Ignaz Koppensteiner was arrested in Germany by Soviet military police in May 1945 and sent to a Moscow prison.

According to the Kommersant Daily, he was charged four years later on the basis of having been a relative of Hitler and that he was therefore guilty of having "approved of [Hitler's] criminal plans against the USSR."

Koppensteiner, who was not accused of any war crimes, died in a Moscow prison in 1949.

According to a recently declassified criminal file, Koppensteiner was apparently the husband of one of Hitler's first cousins.

Austria had asked for his posthumous pardon.

During and after World War II, Soviet courts convicted as war criminals more than 200,000 foreign citizens who fought in the Axis armies.

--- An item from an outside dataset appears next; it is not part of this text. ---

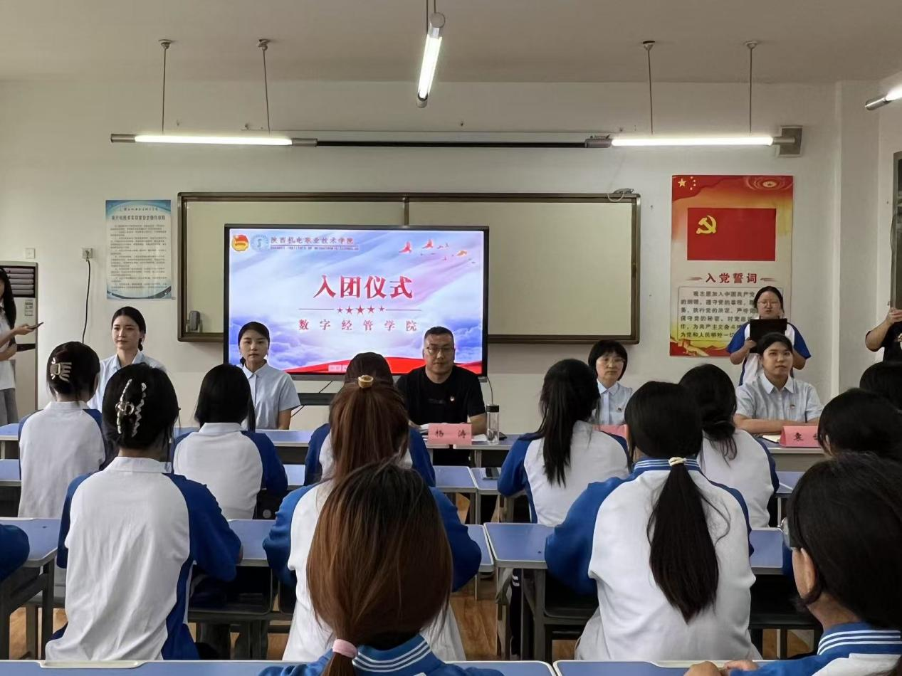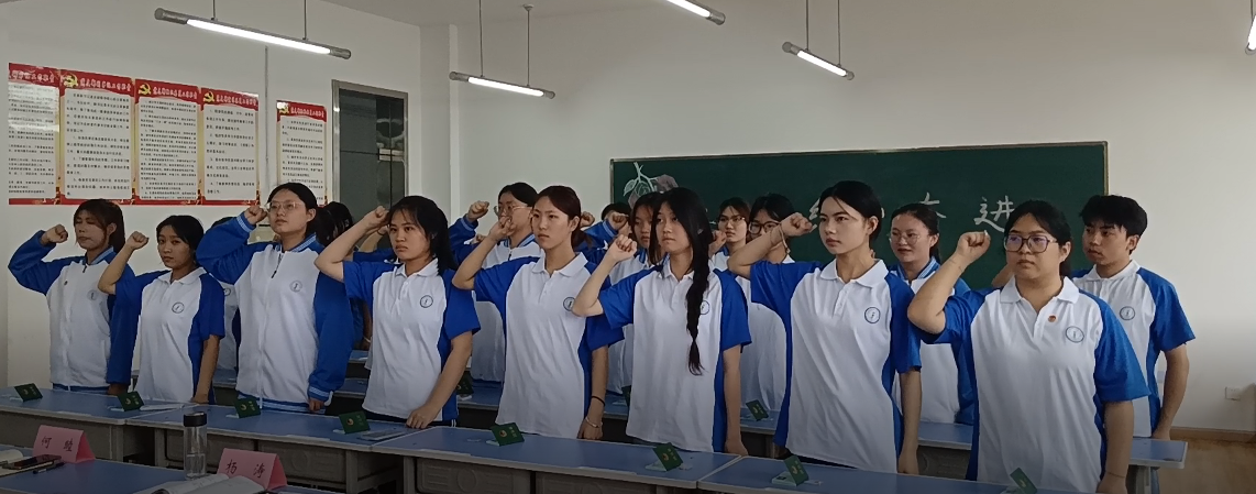 团总支书记杨涛老师向新团员表示祝贺,并寄语青年:“希望同学们以入团为起点,牢记‘请党放心,强国有我’的青春誓言,在学习和生活中发挥模范作用,做有理想、敢担当、能吃苦、肯奋斗的新时代好青年。”最后,全场齐唱团歌,仪式在热烈的氛围中圆满结束。

Some of them were involved in the slaughter of Jews in areas of the Soviet Union that had been overrun by the Nazis.

In 1991, Russia passed a law rehabilitating citizens who had been victims of communist repression. The law was extended to foreigners the following year.

Since then, about 8,000 foreign citizens have been pardoned. Some 2,000 people — among them people found guilty of killing Jews — have been denied pardons.